The ubiquitously expressed Na-H exchanger, NHE1, regulates intracellular pH (pHi) homeostasis and has a permissive effect in promoting cell growth. During the previous two funding cycles, the applicant has identified two serine/threonine kinases, ROCK and NIK, that act downstream of GTPase pathways to directly phosphorylate and activate NHE1. The current objective is to develop a comprehensive understanding of the functional significance of this regulation by investigating the hypothesis that divergent signaling networks converge on NHE1 to regulate cell growth and differentiation. This hypothesis will be investigated through specific aims that study upstream (Aim 1), direct (Aim 2), and downstream (Aim 3) components.

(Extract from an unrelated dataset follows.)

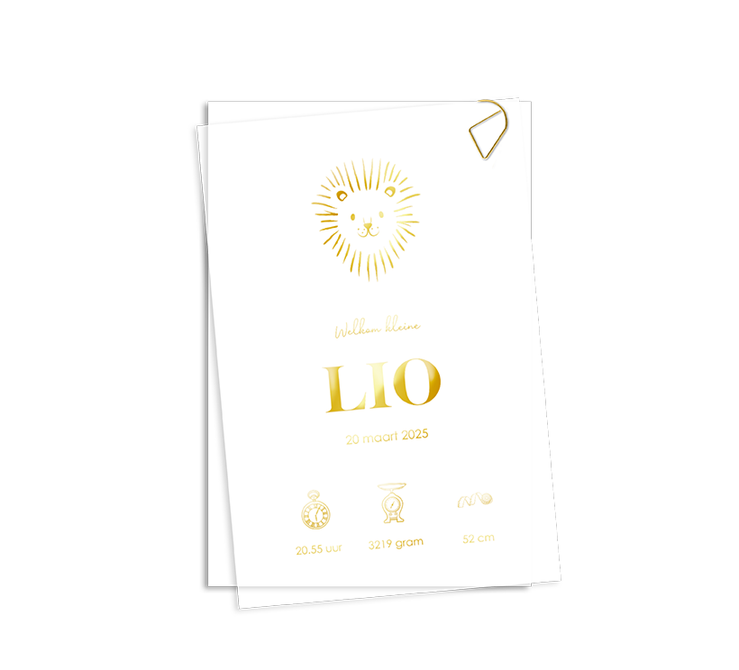 Een hip geboortekaartje voor jouw kindje. Het kaartje heeft goudfolie details met o.a. een leeuwtje. Pas het ontwerp naar wens aan in onze online editor.

In Aim 1, the upstream signaling events mediated by ROCK and NIK will be investigated to determine how signals from integrin and heptahelical receptors converge to regulate a ROCK-dependent activation of NHE1, and to identify receptors acting in an NIK-mediated pathway regulating NHE1.
In Aim 2, the direct regulation of NHE1 will be investigated by determining whether NHE1 is a phosphosubstrate for serine/threonine phosphatases that are regulated by ROCK- or NIK-mediated pathways, and whether C-terminal modifications, including phosphorylation and the binding of regulatory proteins, promote the assembly of NHE1-associated signaling complexes and dynamic changes in NHE1 localization.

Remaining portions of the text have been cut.